Plus loin. Sur un pont. Il s'amuse de plus bel de mes cheveux, ce vent. Et tend dans mon dos comme un écran digne des publicités. Je m'invente star d'une minute. Juste pour jouer à faire semblant. Pour le séduire davantage et me fondre dans ses murs. J'y mets tout mon coeur et me penche au-dessus de la balustrade. Tragédie urbaine et autres palabres de paillettes. Tremblante mais croyante. Et laisse valdinguer mes yeux comme mes cheveux. Mon coeur à la Seine. Qu'il repêche. Un peu froide tout de même la demoiselle. Intouchable. Inabordable. Ni très glamour emitoufllée de noir. Retranchée entre les notes de musique de Feist. A chaque gamme s'imprime un souvenir. Et déjà je le sais. Qu'à chaque écoute futur ses moments présents lui reviendront en mémoire. En images. C'est souvent ainsi. L'acide mélancolie. Rockeuse. Distillée et caressante de Feist. Se prête à merveille dans ce paysage banal et magique à la fois. Qui redessine les regards des enfants. Ebahis. Incrédules. Offerts.

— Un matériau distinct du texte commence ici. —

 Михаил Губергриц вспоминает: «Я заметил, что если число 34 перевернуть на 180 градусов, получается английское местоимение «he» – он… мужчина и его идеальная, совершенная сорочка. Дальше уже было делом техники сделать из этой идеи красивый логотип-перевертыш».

L'odeur d'un Ange* imprégnée dans les fibres de ma chemise me parviennent soudain. Un rappel à la réalité. Au concret. A l'origine de cette soudain serenité. Ces belles heures. Et à la conscience. Que non. Ce n'est pas un rêve. Mais bien le fil d'une douce après-midi de mai qui s'étire à la lisière d'une soirée. Et l'annonce d'autres toutes aussi bienfaisantes. A cueillir. Donner et recevoir. Partager. Et qui s'achève seulement pour renaître.

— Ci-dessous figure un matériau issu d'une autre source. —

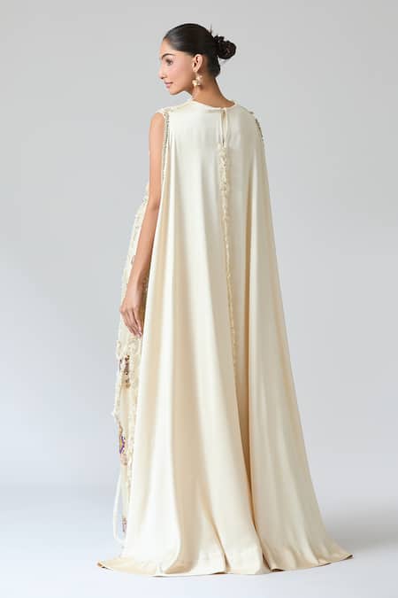 Cream top featuring an attached drape with floral lace, pearls, sequins, and gota patti embroidery. Paired with matching pants adorned with similar embellishments.

Le regard fixe. Je rejoins le métro. Et disparais. Lentement. Marche après marche. Comme dans une scène de film. La place du Châtelet s'estompe. Et avec le théâtre, Lui. Mon éternel amant au bras, mon cher et tendre compagnon d'errances et de folies, de rêveries, mon intime et indispensable Paris.
Un 11 Mai 2007.
La musique au creux de l'âme. Comme autant de portées à parcourir.
Paris au creux de la main. Foulé au pied avec passion et reconnaissance, innoncence.
Et un merci au creux du coeur pour ces Anges* qui s'ignorent
et redonnent vie l'air de rien.
Ouvrent le coeur et les yeux sur ce qui bat presque malgré soi. Mais avec douceur dans ces moments là.